3人は再び上の階を目指して歩きはじめた。
「なぁクッキー、この剣、どうしたんだ?」
手にした大剣をマジマジと見つめ、カカオが尋ねた。
「…あのね、プリンのイオナズンで、ぼくフロアの隅っこに飛ばされちゃったんだ〜」
クッキーは後ろ頭に手を当てて照れたように笑った。
「そしたらね、宝箱があったんだよ〜」
「…」
「それでね、その剣って本で見た事があって…」
「『稲妻の剣』ね…」
プリンが口を挟む。
「うん!やっぱりそうだよね〜っ!ぼく、きっとそうだと思ったから、稲妻を呼んでって…」
にこやかに笑ってカカオを見上げたクッキーは、そこで思わず口をつぐんだ。
カカオの表情が険しくなっている。
「…おいクッキー、てめぇ…」
「……え…?」
クッキーは思わず冷や汗をかいた。
「俺が戦ってる時に宝箱に手ぇだしてたのかよっ!!!」
カカオの怒鳴り声が響く。
「!!ご、ごめんよ、ぼく、ぼくつい〜っ!」
クッキーは大慌てでわめいた。
カカオはクッキーをぎろりと一瞥し…それから、ふっと笑った。
「…ま、いいか。

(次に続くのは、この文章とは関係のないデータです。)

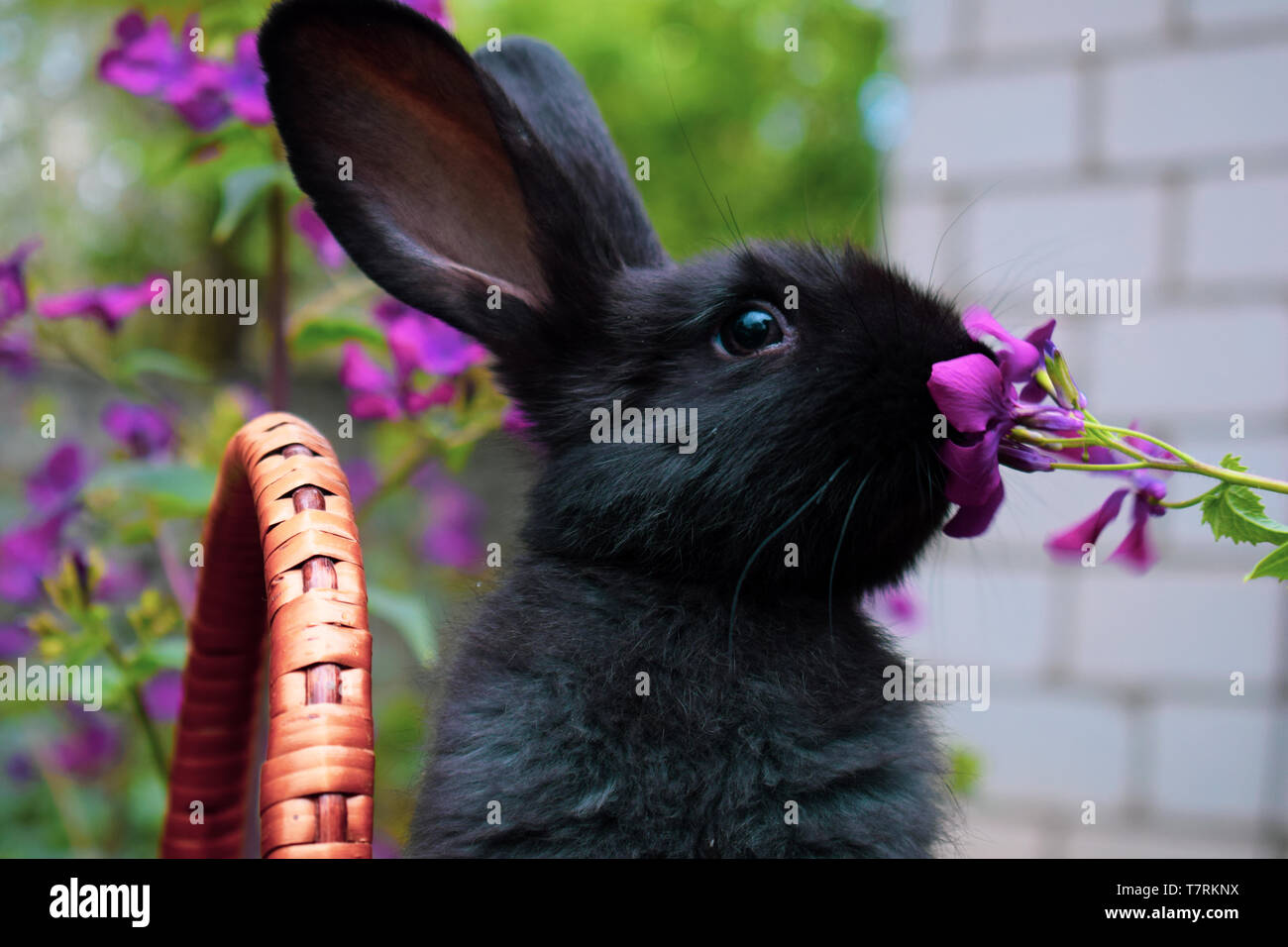 Cute Little Black Rabbit Sitting In A Basket And Eats Spring

今回は。助かったぜクッキー、お前のおかげだっ。さんきゅーなっ!」
カカオはクッキーに手を伸ばし、茶色の髪をくしゃくしゃっと撫でた。
「!……う、うん〜」
一瞬きょとんとしたクッキーが、パッと顔を輝かせて笑う。
「…ふふふっ」
プリンは眩しそうに2人を見上げた。